Sunday 1 September 2013

All Aboard

The Sleeper by Emily Barr
Published by Headline




Lara Finch is living a lie.  Everyone thinks she has a happy life in Cornwall, married to the devoted Sam, but in fact she is desperately bored.  When she is offered a new job that involves commuting to London by sleeper train, she meets Guy and starts an illicit affair.

But then Lara vanishes from the night train without a trace.  Only her friend Iris disbelieves the official version of events, and sets out to find her.

For Iris, it is the start of a voyage that will take her further than she’s ever travelled and on to a trail of old crimes and dark secrets.

For Lara, it is the end of a journey that started a long time ago.  A journey she must finish, before it destroys her….

She should have been back two hours ago.
   A person could not disappear from a train in the middle of the night, but apparently, she had.  She got on at Paddington (as far as we knew), but she did not get off at Truro.
   ‘I’m sure she’s fine,’ I told him.  My words hung in the air, improbable and trite.  I cast around for an explanation.  Once you discounted amnesia and sleepwalking, there were really only two, and neither of them would give her husband any comfort.
   ‘I hope so.’  His face was crumpled and his eyes seemed to have shrunk back under slightly hooded lids.  Everything was sagging as, gradually, he stopped being able to pretend that she might be about to walk in through the door.  His face was, somehow, at once both red and grey, patchy and uneven.
   I had no idea what to do, and so, once again, I started to make coffee.  He was looking at his phone, checking again for messages that might, somehow, have arrived by stealth, even though he had turned the volume right up and called it from the landline, just to see.
   ‘Next train in seven minutes,’ he reported.  I set the coffee pot on the stove, lit the gas under it and left it.  I opened a few cupboard doors, looking for something easy, something that he might eat without noticing it.
   It was strange being in someone else’s kitchen, flung into what I feared was the very early stage of the total breakdown of the life of a man I didn’t even know.  He was halfway off the cliff already, clinging on with his fingers to a flimsy clump of grass.
   I put some custard creams on a plate.

With twelve novels under her belt already, Emily Barr enters the world of the commuter with her novel of strangers on the night train travelling from sleepy Cornwall to the busy city of London.  Lara has given up her city job to move south to focus on her marriage and having a baby.  With failed IVF treatments behind her, and a host of bills to pay, Lara accepts a temporary position in London that means she will have to take the sleeper train to London every Sunday, returning in the early hours of Saturday morning.  Little do either her, or her husband Sam realise what this will entail.  While Sam is pining away for her, Lara has created a new life for herself, one that now involves Guy, a married man who she meets on the train.  In love, and determined to tell their partners about their relationship, Lara and Guy make what is to be their final return journey to Cornwall.  But then tragedy strikes and none of their lives will ever be the same again.

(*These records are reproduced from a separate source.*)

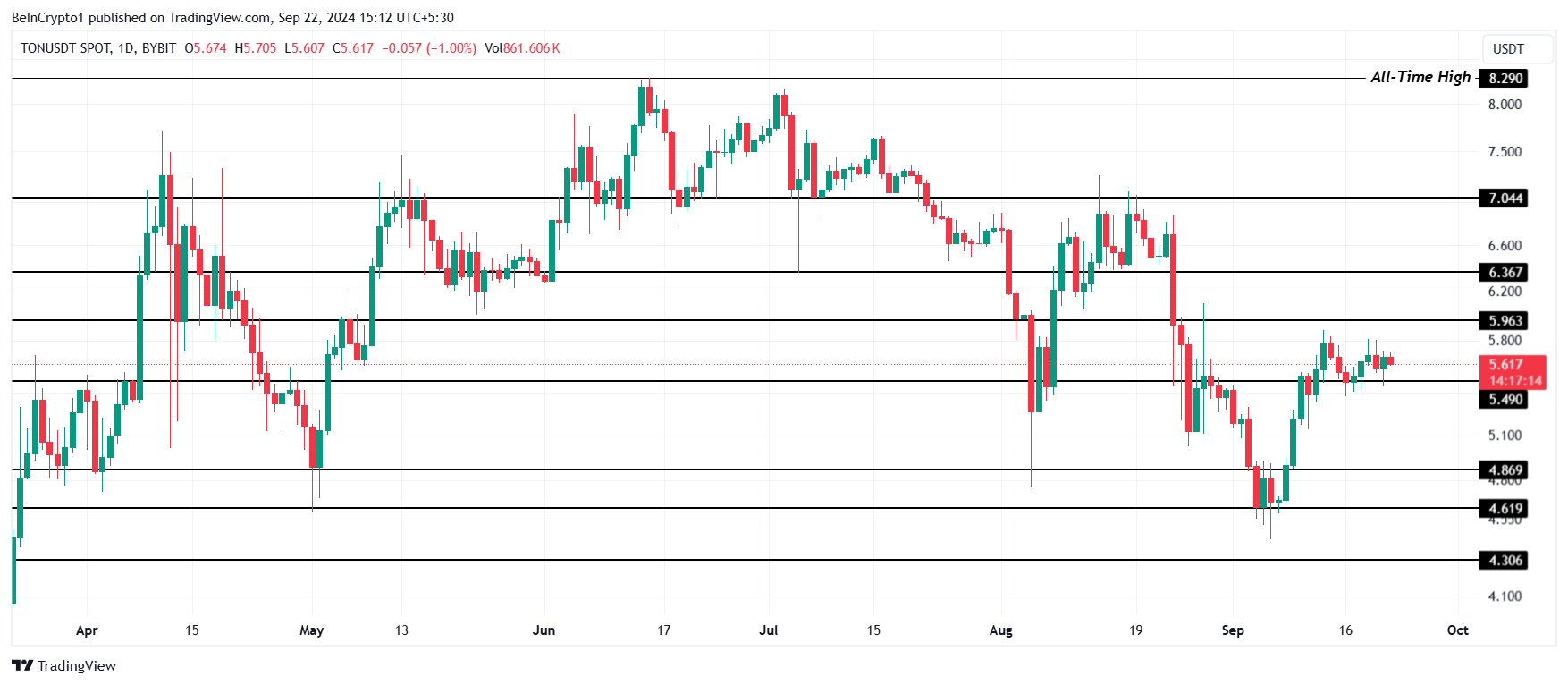 De koers van Toncoin (TON) heeft recentelijk relatieve stabiliteit getoond, waarbij het stevig boven het steunniveau van $5,49 bleef. Echter, voor echt herstel en significante groei, moet TON de weerstand van $5,96 omzetten in steun.
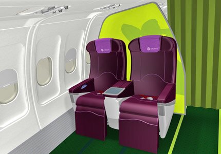 На авиасалоне в Ля Бурже было объявлено, что подписан контракт на поставку 25 новых А-320 и с апреля 2008 эти самолеты начнут поступать в парк S7 Airlines. Как мы уже сообщали, при подготовке к этому контракту Сибирь привлекла нашу компанию для проработки новых вариантов отделки интерьера для А-320. Варианты отделки интерьера продемонстрированные в виде компьютерной симуляции на нашей 3D-модели интерьера этого самолета, послужили основой для S7 Airlines при выборе окончательного варианта декорирования интерьера новых А-320-х. И в бизнес классе и в экономе для чехлов кресел планируется применить кожу. Право представить общественности заказанный Эйрбасу декор интерьера для А-320 за авиакомпанией, а мы предлагаем варианты послужившие прототипами.
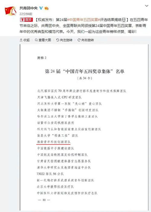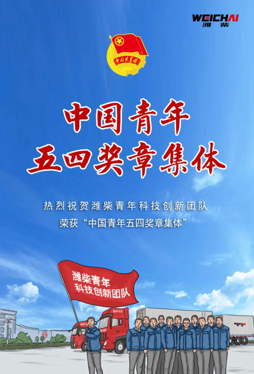 在五四青年节来临之际,共青团中央、全国青联共同颁授第24届“中国青年五四奖章”,表彰青年中的典型和模范代表。潍柴青年科技创新团队荣获第24届“中国青年五四奖章集体”。

Having discovered Emily Barr shortly after her first novel Backpack was published, and having read every one since, it was probably inevitable that I enjoyed this latest book.  Actually I loved it; the characters, the way she describes Falmouth, her current hometown, with such detail and of this incredible world of the sleeper train, for it is in itself like entering a different world.  The twists and turns that are incorporated into her writing, plus the inevitable element of travel are what make Emily Barr’s novels distinctively her own.  She is a seasoned traveller, and this is by all means apparent when reading any of her books. 

The Sleeper is an easy read but that’s because it is a real page-turner.  I read it in just two days and couldn’t get enough of it.  I loved the character of Iris, Lara’s only friend in Cornwall, who lives this reclusive life in a ramshackle cottage with her mysterious boyfriend, and that of Olivia, Lara’s sister, who is the polar-opposite of her, and harbours a deep hatred of her sibling.  I challenge you to read The Sleeper this summer and not to gasp out loud as the twists and turns of the tale are slowly wrapped together, as I did!


One more day of the holidays to go - where did the time fly?  Off to try to make chocolate bread from my Apples for Jam book, but I'm not sure I have the right yeast!!!